Kedua terduga pelaku berinisial J (62) dan S (39) diamankan di sebuah rumah di Jalan Hasanah, Desa Senggoro, Kecamatan Bengkalis, sekitar pukul 23.30 WIB. Pengungkapan kasus ini berdasarkan Laporan Polisi Nomor: LP/A/5/II/2026/SPKT/Polres Bengkalis/Polda Riau, tertanggal 10 Februari 2026.
Kapolres Bengkalis AKBP Fahrian Saleh Siregar melalui Kasi Humas Polres Bengkalis Aipda Juliandi Bazrah menyampaikan, dari lokasi penindakan petugas turut mengamankan lima PMI yang baru dipulangkan dari Malaysia melalui jalur ilegal. “Kelima PMI tersebut diamankan bersama sejumlah barang bukti,” ujarnya.
Berdasarkan penyelidikan awal, para PMI diduga dibawa dari Malaysia menggunakan speed boat, lalu dijemput di darat memakai mobil Fortuner warna hitam dan dikawal menuju rumah penampungan milik terduga pelaku. Mereka diketahui sempat ditampung di lokasi dengan kondisi dan fasilitas yang tidak layak.

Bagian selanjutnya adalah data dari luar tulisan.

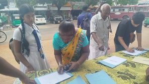 இவ் கையெழுத்து போராட்டமானது தமிழ் தேசிய கட்சிகள் மற்றும் பொது அமைப்புகளின் ஏற்பாட்டில் இடம்பெற்று வருவதோடு இன்றைய தினம் கையெழுத்து போராட்டத்தில் ஜனநாயக போராளிகள் கட்சியின் தலைவர் சி.வேந்தன் அவர்களும் மற்றும் முன்னாள் பாராளுமன்ற உறுப்பினர் சுரேஸ் பிரேமச்சந்திரன் மற்றும் பருத்தித்துறை நகர சபையினர் உப தவிசாளர் மற்றும் நகர சபை உறுப்பினர்கள் மற்றும் பருத்தித்துறை பிரதேச சபை உறுப்பினர்கள் மற்றும் பொதுமக்கள் மாணவிகள் என பலரும் கலந்து கொண்டனர்.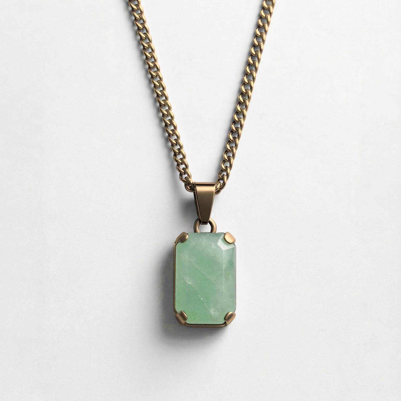 Introducing the Nova Green Aventurine. A bold fusion of elegance and edge. Featuring a meticulously cut stone set in a sleek frame, this pendant radiates quiet power and refined minimalism. The sharp facets catch light subtly, creating a dynamic interplay of depth and polish.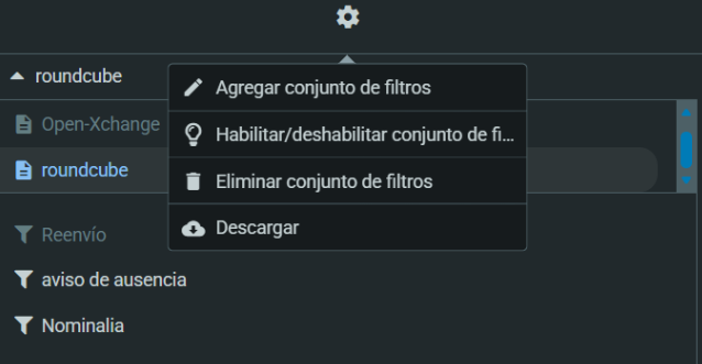 Esto es normalmente cierto, excepto con OpenXchange: OX crea sus propios ajustes de filtros con una sintaxis muy específica, y no es compatible con la sintaxis genérica de las reglas de filtrado. Esto hace que los filtros de OX no sean compatibles con Roundcube (o cualquier otro webmail) y requiera un importador. Por diseño, OpenXchange crea un filtro “OpenXchange” y Roundcube crea un filtro “Roundcube”, aunque se pueden crear y modificar más filtros. La buena noticia es que Roundcube permite gestionar múltiples filtros.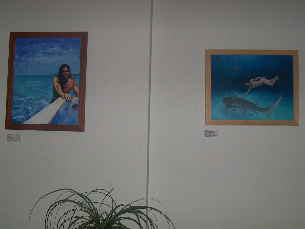 Looking at suspended bodies of divers in ‘Azure Dive’, ‘Shark Diver’, ‘Turquoise Swim’ we feel the sensation of being in water – being carried and touched by water. We experience the play between physicality – sensual touch of water on the body, the body movement and its effort of going through water’s resistance – and ethereality: the body becomes weightless, floating in a space with no gravity. Both are achieved by artist’s sensitivity to colour and light and beautifully expressed in an impressionistic style of painting which enables us to sensually experience the captured moment.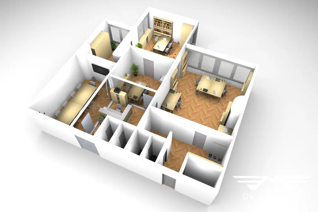 Dispozice je navržena s důrazem na funkčnost a vysoký standard pracovního prostředí. Součástí jsou dvě samostatné kanceláře, dvě zasedací místnosti, recepční část, vlastní kuchyňka, dvě sociální zařízení, serverovna a samostatná trezorová místnost splňující přísné bezpečnostní požadavky pojišťoven. Prostory jsou vybaveny moderním bezpečnostním systémem a nabízejí nadčasový, reprezentativní vzhled. Stávající moderní úpravy včetně vstupních dveří a recepce může nový nájemce ponechat a dále využívat.

Dalam pengungkapan ini, polisi menyita dua unit handphone, satu unit speed boat, satu unit mobil Fortuner warna hitam, serta satu unit mobil Rush warna silver yang diduga digunakan dalam aktivitas tersebut. Saat ini, kedua terduga pelaku telah diamankan di Mapolres Bengkalis untuk menjalani proses penyidikan lebih lanjut.
Atas perbuatannya, keduanya disangkakan melanggar Pasal 2 Ayat (1) jo Pasal 10 Undang-Undang Nomor 21 Tahun 2007 tentang Pemberantasan TPPO dan/atau Pasal 120 Ayat (2) Undang-Undang Nomor 6 Tahun 2011 tentang Keimigrasian jo Pasal 457 Undang-Undang Nomor 1 Tahun 2023 tentang KUHP. Polres Bengkalis menegaskan komitmennya memberantas praktik TPPO dan pengiriman PMI nonprosedural serta mengimbau masyarakat agar tidak tergiur jalur ilegal yang berisiko tinggi dan melanggar hukum.